CINEMA E TV

WHAT’S YOUR FAVORITE SCARY MOVIE?

Pra não deixar o Halloween passar em branco, resolvi fazer (de última hora) uma lista de filmes que assisti numa época distante em que eu ainda era uma expectadora dedicada, e que de alguma forma tenham a ver com a data. Bruxas, paranormalidade, terror e coisas exóticas em geral que a gente só vê em filmes exóticos no geral. É a proposta mais manjada do universo, I know, mas é o que temos pra hoje.

Já adianto que não fiz uma lista com muitas opções de terror porque sou uma pessoa deveras medrosa e que, portanto, prefere evitar o gênero e garantir noites de sono tranquilas. Não julguem, por favor.
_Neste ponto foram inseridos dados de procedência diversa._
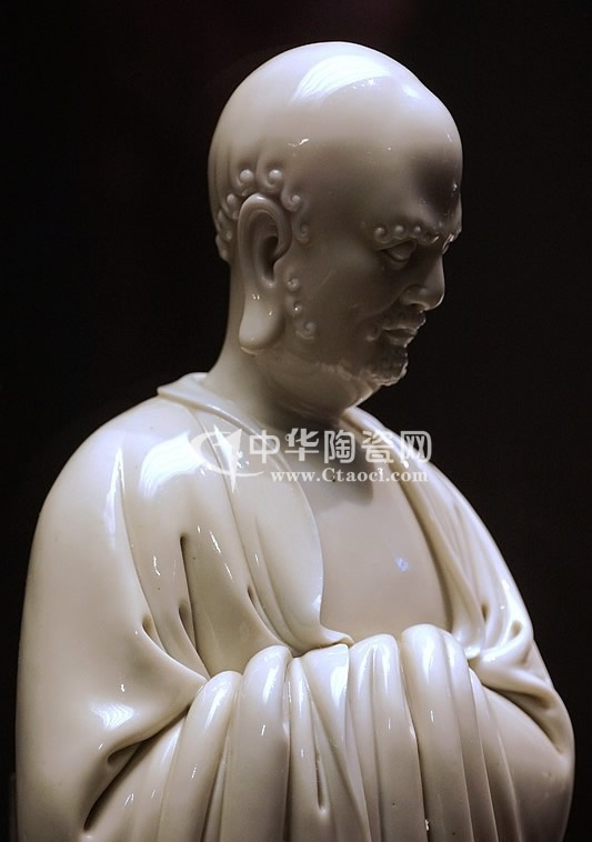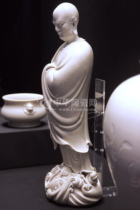 故宮博物院自20世紀50年代設立陶瓷陳列專館以來,一直都開辟明代德化窯瓷器陳列專柜,所展出的德化窯“何朝宗款”白釉達摩立像、觀音像等,經(jīng)常引來大批中外游客駐足觀看,贏得他們交口稱贊。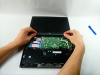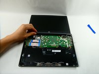 Use a plastic opening tool to pry the keyboard assembly away from the bottom case, prying around the perimeter until it fully separates.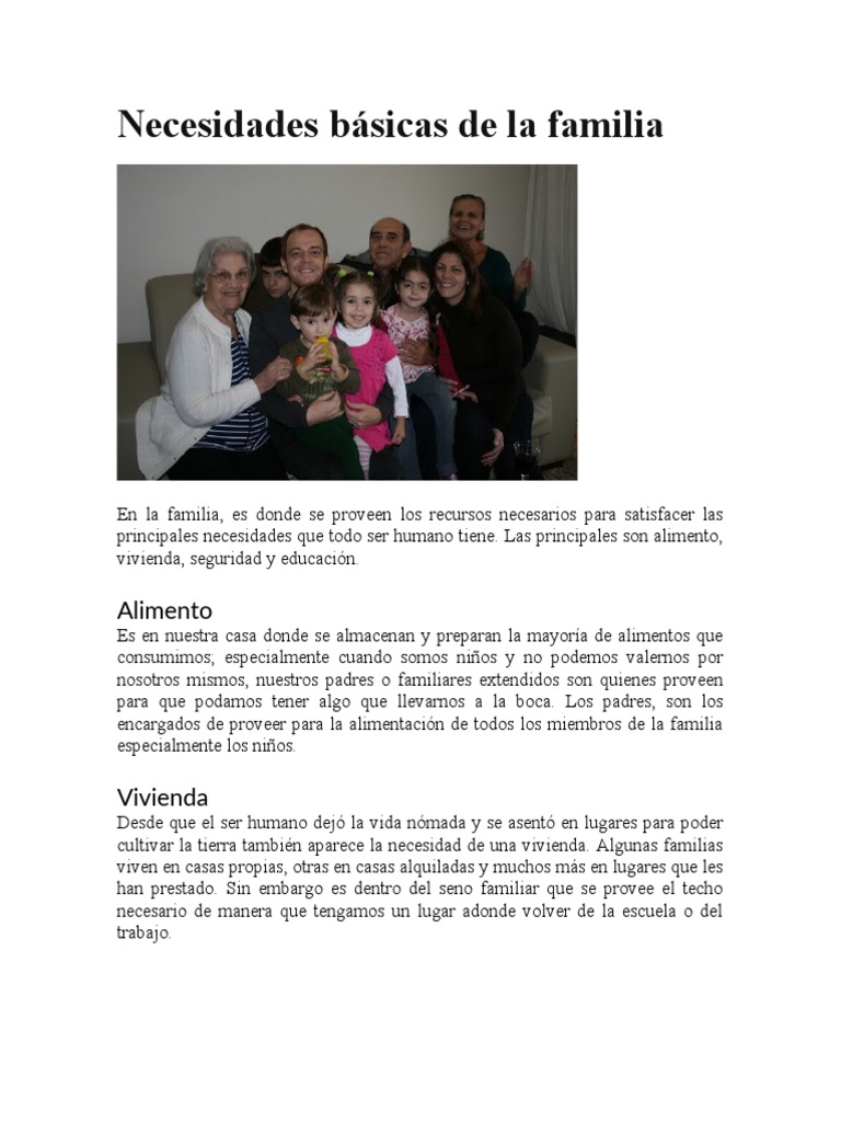 En la familia, es donde se proveen los recursos necesarios para satisfacer las

João-e-Maria-2013-4João e Maria Caçadores de Bruxas (Tommy Wirkola, 2013): Qualquer filme que se disponha a revisitar clássicos da literatura infantil me ganha de cara. Sou realista o suficiente pra admitir que nem todos são bem sucedidos (a maioria, de fato, não é), mas por pior que o resultado seja, acho sensacional ver diretores se arriscando em propostas inovadoras para histórias já tão conhecidas. João e Maria Caçadores de Bruxas fica no meio termo. Não chega a ser sensacional, mas não é de todo uma morte horrível. Depois de serem abandonados na floresta pelos pais e se meterem na cilada da casa de doces suspeita, os irmãos crescem e se tornam caçadores de bruxas e outras ~criaturas exóticas~. Os dois são então contratados pelo prefeito de uma cidadezinha para investigar o desaparecimento misterioso de várias crianças – que, ao que tudo indica, tem dedo de bruxas pentelhas no meio. Explicações demais não são o forte do filme, que pula logo pra ação e that’s it. Isso me incomodou um pouco no início, mas num segundo momento percebi que não tem muito o que explicar. Ninguém quer saber de onde eles tiram toda aquela parafernalha peculiar ou como, de fato, aprenderam tudo que sabem, porque essas questões não são realmente importantes para o desenrolar da história. Tudo acontece numa agilidade enorme e quando você pisca, o filme já acabou. O elenco é maravilhoso e Gemma Arterton tá absurda de tão maravilhosa. Todas quer ser Maria, apenas.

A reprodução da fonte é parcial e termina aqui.